Rwanda: Rise in COVID-19 Cases Derails Rwanda's Plan to Lift Lockdown

Passengers queue to board a bus at Nyabugogo Taxi Park in Kigali (file photo).

Rwanda on Sunday reported 11 new coronavirus cases, the highest number of infections reported in two weeks, a development that has frustrated the country's plan to reopen the economy.

The rise in cases coupled with the country's first Covid-19 death, are likely to delay the government's plan to initiate a full reopening of the economy and disrupted public transport.

Transportation between provinces was expected to resume on June 1 but this has now been put on hold.

"After reassessment, transportation between provinces and the City of Kigali, as well as passenger moto services, will remain closed until further notice in the interest of public health. Further Covid-19 measures will be announced by the cabinet on Tuesday 2 June," the Prime Minister's Office said.

The Minister of Health, Dr Daniel Ngamije, said on public radio that "reopening the economy, public transport and commercial motorcyclists at this particular moment would render all our success useless and enable coronavirus to spread across the country."

Six infections were reported in border districts, such as Rusizi which borders Democratic Republic of Congo (DRC) and Burundi.

"The new cases comprise returning residents and cross border truck drivers and traders.
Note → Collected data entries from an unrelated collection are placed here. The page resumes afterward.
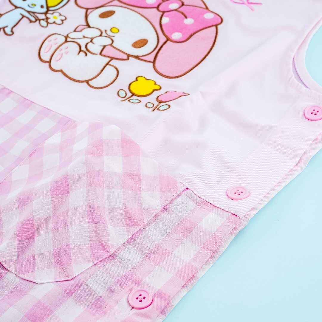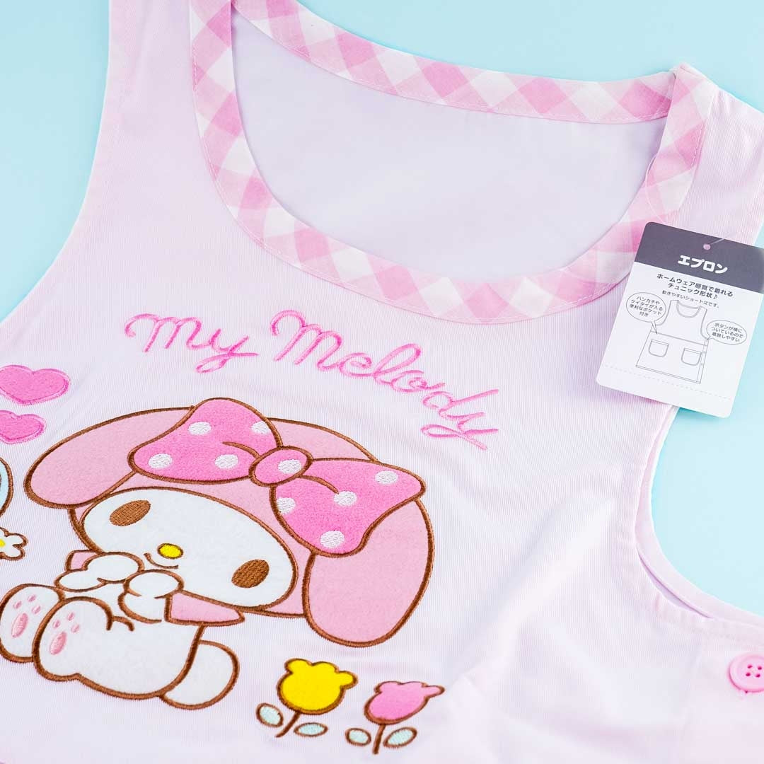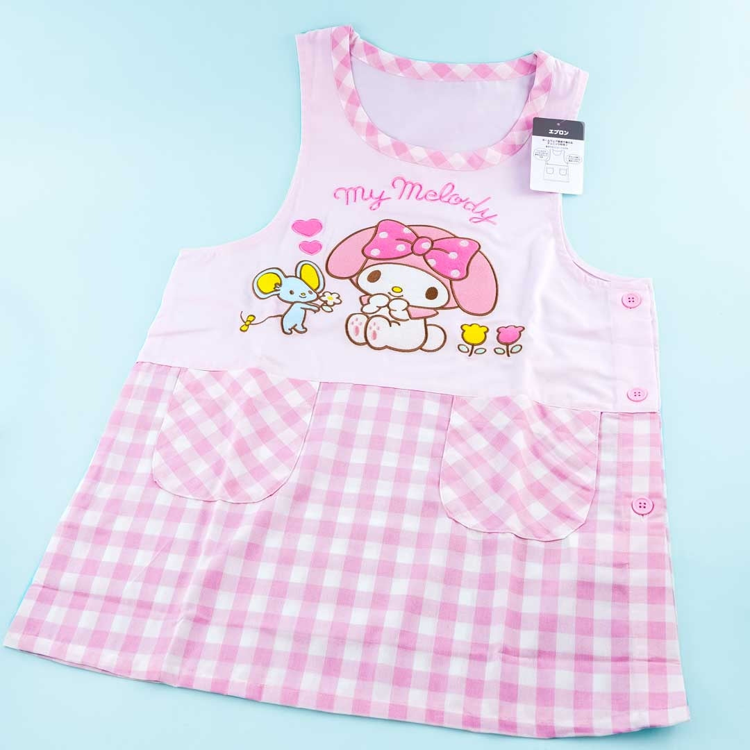 This super cute Japanese apron features embroidered prints of My Melody with her friend Flat! It features two small pockets on the front to carry your kitchen stuff. You can easily put on or take it off using its button closure on the side.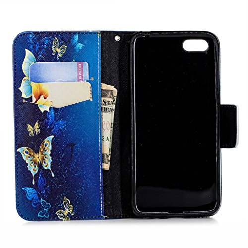 IJIA Case Custodia per Huawei Y5 2018 / Honor 7S (5.45"), Farfalla TPU + PU Pelle Silicone Gel Slot Caso per Portafoglio Fessura per Carta di Credito Cover Book Flip Stile Vintage-BF43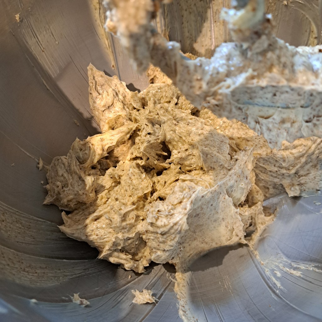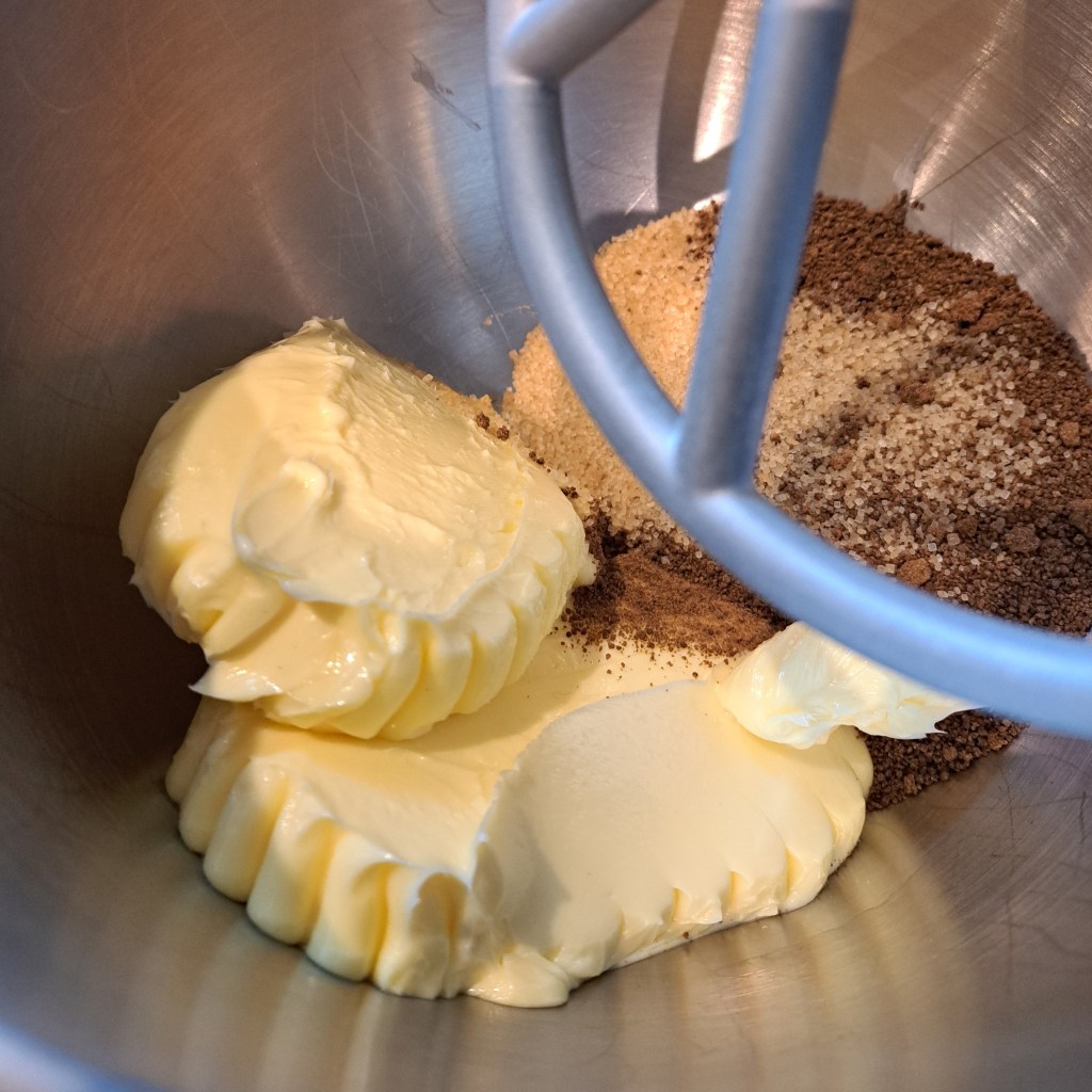 1.Au robot muni de la feuille (ou au batteur électrique), battre le beurre et le sucre pendant 1-2 minutes environ.

Patients are in isolation, contacts have been traced," the Ministry of Health said.

On Saturday, Rwanda recorded its first Covid-19-related death - "a 65-year-old Rwandan truck driver residing in a neighbouring country who opted to return home to Rwanda after falling seriously ill."

The Health ministry said he received treatment at a specialised Covid-19 facility.

The last double-digit figure was reported on May 19, when 11 new coronavirus cases were reported. Since then, Rwanda had been reporting very few infections per day and sometimes none at all.

Two weeks ago, Rwanda relaxed the coronavirus lockdown and allowed civil marriage ceremonies to take place for the first time in two months as the country moved slowly towards a full reopening.

Curfew was also extended by one hour, with residents and traders allowed to move freely from 5am to 9pm.

Commercial motorcyclists were expected to begin work this Monday and directives were already put in place asking them to adopt stringent digital payments to reduce the risk of contracting the coronavirus through cash exchanges.

Schools remain closed until September 2020, while businesses were directed to continue operating with essential staff only while other employees continue working from home.

Rwanda's borders are still closed, except for goods and cargo, as well as returning citizens and legal residents.

Since the beginning of the lockdown in March, economic activity declined sharply, leading many businesses to lay off workers and cut salaries in order to cut costs.

By the second week of April, total turnovers and transactions declared by registered companies fell by 46 percent and 77 percent year on year respectively, according to the Ministry of Finance.

Rwanda confirmed a total of 370 coronavirus infections and 256 recoveries by Sunday.

Kenya has the highest number of coronavirus cases in the region, with 1,962 total cases, 64 deceased and 478 recoveries.

Tanzania has recorded 509 cases, 21 deceased, 183 recovered, while Uganda has reported 417 total and 72 recoveries.

Burundi has 63 cases, 1 deceased and 33 recoveries.